My husband is an avid gamer and well, games aren’t cheap. I’ve had to talk him out of a lot of purchases of the latest games his friends are buying. Sorry, Jon.
Instead, we try to focus on buying games that can be enjoyed for a long time, like Minecraft or Dayz. These are games that can be played lots of different ways, so it takes longer before the fun wears off.
If you’re really into the latest and greatest games, I’ve also heard good things about Gamefly. You’d have to look for yourself to determine if it’d be worth it for you and your family or not, but depending on your situation and the games you like to play, it might represent a good cost savings.
Update your Christmas traditions.
When we were getting our budget under control, we suggested a $10 Christmas to our extended family, and it’s become an absolute hit. It reduces how much we have to spend each year, reduces the clutter, and makes for more meaningful and fun gifts a lot of the time!
But that’s not the only way to reduce your holiday spending. You can also implement a Secret Santa tradition, or even have a White Elephant party in lieu of traditional gift giving.
It really depends on your family and your priorities. Some people prioritize the materialistic side of Christmas, and that’s okay, too! It just comes down to figuring out what cuts and changes you’re willing to make.
Try a spending freeze.
A spending freeze is exactly what it sounds like – freezing your unplanned spending for a period of time. And it’s surprisingly effective!
Whether you do it for a week, two weeks, or a month (or even a year – I’ve seen it done!) it’s a great way to get into the swing of a new budget and make you rethink bad habits.
It also makes things feel more fun and less restrictive, because it’s a short-term challenge, not a forever restriction.
By the end of your spending freeze, you’ll likely have a good chunk of money to use to pay down your debt. And once you’re debt free, you can use this method to quickly save for a vacation or something else that’s fun!

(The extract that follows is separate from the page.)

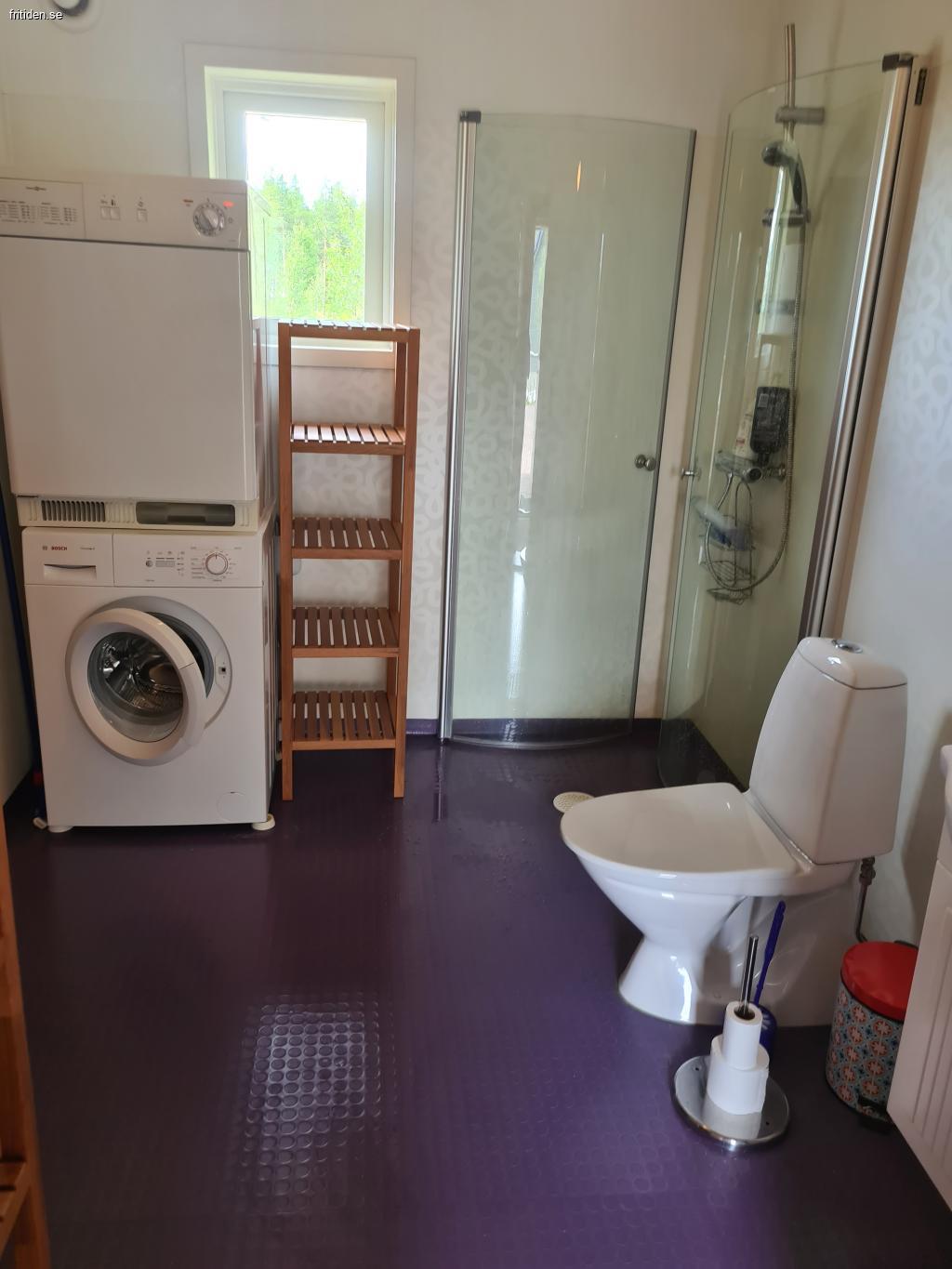 Stugan har ett fräscht badrum med dusch, toalett, handfat, tvättmaskin, torktumlare och bastu. Separat toalett med handfat.

This can be helpful because it’s a third party looking in rather than you or someone else who’s personally invested – but of course that can be hard too, because you may have to face some hard truths. Like learning the truth about debt so you can deal with it and get it paid off.
But ultimately, figuring out where your money is going and where it should go is a great way to make your life less stressful.
One place I recommend for this service is to Become a Member of Navy Federal Credit Union – it’s free, and they’re super trustworthy.
Seriously, reducing your spending doesn’t have to be a painful experience! There are a lot of super simple ways you can save money each week that, over time, will become just a normal part of your routine.